§ SOURCE DATA
——————

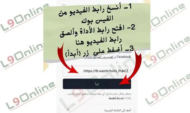 1- أذهب إلى أداةمساعدة (Save The Video) وقم بلصق رابط فيديو الفيس بوك الذي نسخته، وقم بالضغط على زر أبدأ.
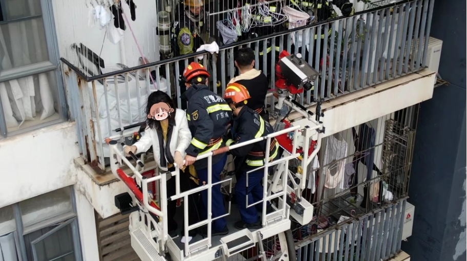 指揮員到場后,經(jīng)過詢問知情人和現(xiàn)場偵查,發(fā)現(xiàn)兩名被困群眾在房間內(nèi),另外兩名被困群眾在陽臺。情況萬分危急。消防指揮員當即命令舉高噴射車伸到高層陽臺外圍出水控火,阻止火勢向上蔓延,同時組織救援人員內(nèi)攻滅火并搜救被困人員。約15分鐘后,成功解救4名被困人員。同時,消防員對起火房間展開滅火救援,經(jīng)過近半小時左右緊急處置,明火被完全撲滅。
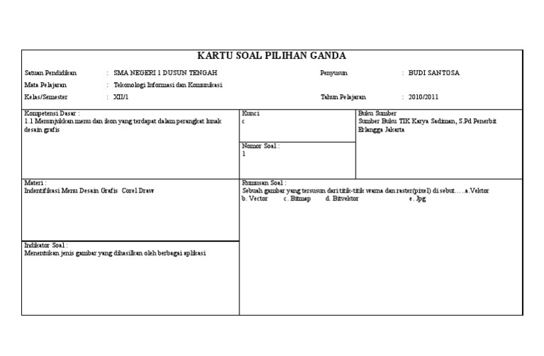 Doc Contoh Kartu Soal Rina Hastin Academia Edu

——————

§ EXERCISE DESCRIPTION
Write out the listing above again, exactly, but with no pictures in the copy.

§ REPLY TO THE TASK
 1- أذهب إلى أداةمساعدة (Save The Video) وقم بلصق رابط فيديو الفيس بوك الذي نسخته، وقم بالضغط على زر أبدأ.
 指揮員到場后,經(jīng)過詢問知情人和現(xiàn)場偵查,發(fā)現(xiàn)兩名被困群眾在房間內(nèi),另外兩名被困群眾在陽臺。情況萬分危急。消防指揮員當即命令舉高噴射車伸到高層陽臺外圍出水控火,阻止火勢向上蔓延,同時組織救援人員內(nèi)攻滅火并搜救被困人員。約15分鐘后,成功解救4名被困人員。同時,消防員對起火房間展開滅火救援,經(jīng)過近半小時左右緊急處置,明火被完全撲滅。
 Doc Contoh Kartu Soal Rina Hastin Academia Edu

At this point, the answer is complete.